374244 - splitText() overflow causes Minefield to crash [@ nsBlockFrame::AppendFrames]

Status: RESOLVED WORKSFORME

(Core :: Layout, defect)

Description

[lsg-mtso]

User-Agent:       Mozilla/5.0 (Windows; U; Windows NT 5.1; en-US; rv:1.9a3pre) Gecko/20070315 Minefield/3.0a3pre
Build Identifier: Mozilla/5.0 (Windows; U; Windows NT 5.1; en-US; rv:1.9a3pre) Gecko/20070315 Minefield/3.0a3pre

splitText() appears to have a buffer overflow when presented with long string arguments.  This has been verified on the latest versions of Minefield on Win32.

FOund w/Javascript introspection fuzzer.  Calling splitText() directly doesn't have same results -- likely requires other dom elements to be manipulated prior to the splitText call.  See attached script that has been tweaked to only trigger this flaw.  Expect to respond to error popups for bad protocol 2-3 times prior to crash.

See win32 talkback output attached.



Reproducible: Always

Steps to Reproduce:
1. Go to above url.
2. click ok when it says its starting
3. click ok in response to bad protocol dialogs (unrelated to vuln)

Actual Results:  
Browser crashes.  EIP appears to be null.

Expected Results:  
Browser chugs along...

see attachments for test code + talkback.  test code has *only* been tested when served from a webserver.

Comment 1

[lsg-mtso]

Attachment: talkback output

talkback output from crash

Comment 2

[lsg-mtso]

Attachment: repro script

repro script.  expect to click ok to proto error dialog a couple of times prior to crash

Comment 3

[Martijn Wargers (dead)]

The repro script testcase only crashes for me when I test it locally, after I've clicked 2 or 3 alerts away.

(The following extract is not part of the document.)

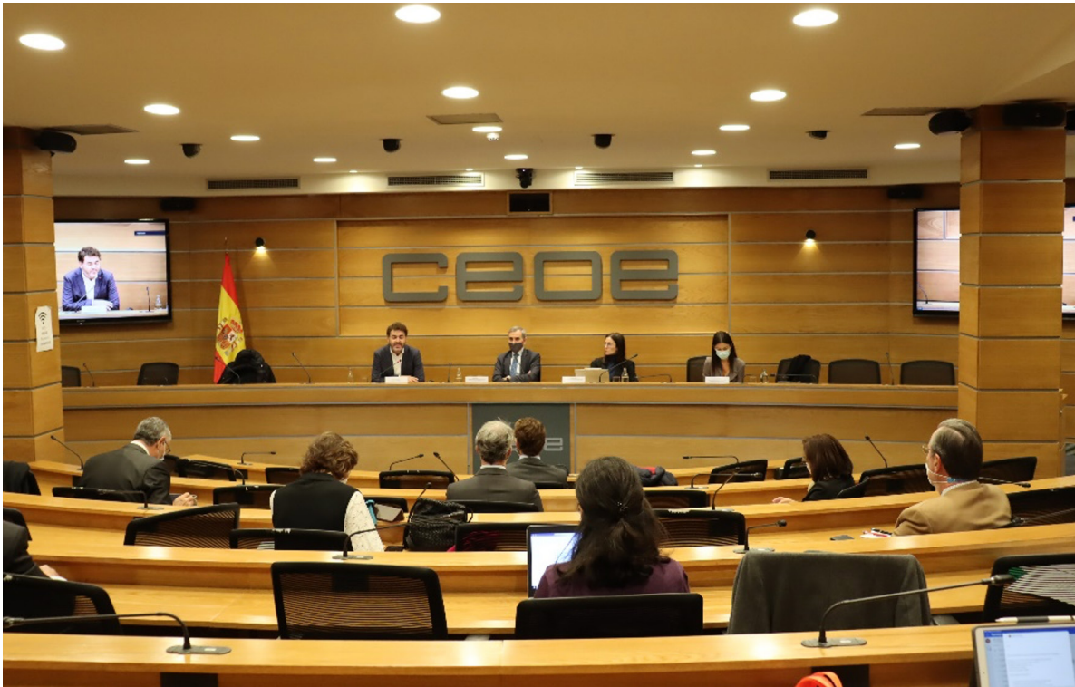
16/11/21 Reunión híbrida de la Comisión de UE de CEOE con la participación del eurodiputado Jonás Fernández, coordinador de grupo en la Comisión parlamentaria de Asuntos Económicos y Monetarios

con la Comisión Europea, eurodiputados españoles y la Secretaría de Estado para la UE. Las seis reuniones mantenidas en 2021, en formato híbrido o virtual, versaron sobre cómo reforzar el mercado interior para asentar la recuperación pospandemia (16/02), la implementación del Plan Europeo de Recuperación y el Marco Financiero Plurianual (20/04), las claves de la nueva estrategia industrial europea (08/06), las prioridades de la presidencia eslovena del Consejo y los trabajos en curso claves en BusinessEurope y en el CESE (Comité Económico y Social Europeo) (06/07), las iniciativas en materia de información no financiera y diligencia debida (16/11), o las prioridades en el ámbito económico y financiero en el Parlamento Europeo (16/11).

Reporter, thanks for attaching the talkback output, but only a talkback ID is useful, normally.
I get this Talkback ID: TB30306141E
nsTextFragment::CharAt  [mozilla/dist/include/content/nstextfragment.h, line 184]
nsBlockFrame::AppendFrames  [mozilla/layout/generic/nsblockframe.cpp, line 4561]
nsCSSFrameConstructor::AppendFrames  [mozilla/layout/base/nscssframeconstructor.cpp, line 7855]
nsCSSFrameConstructor::ContentAppended  [mozilla/layout/base/nscssframeconstructor.cpp, line 8589]

I can't reproduce the crash on branch.
It's crashing in layout, so I'm reassigning this to layout.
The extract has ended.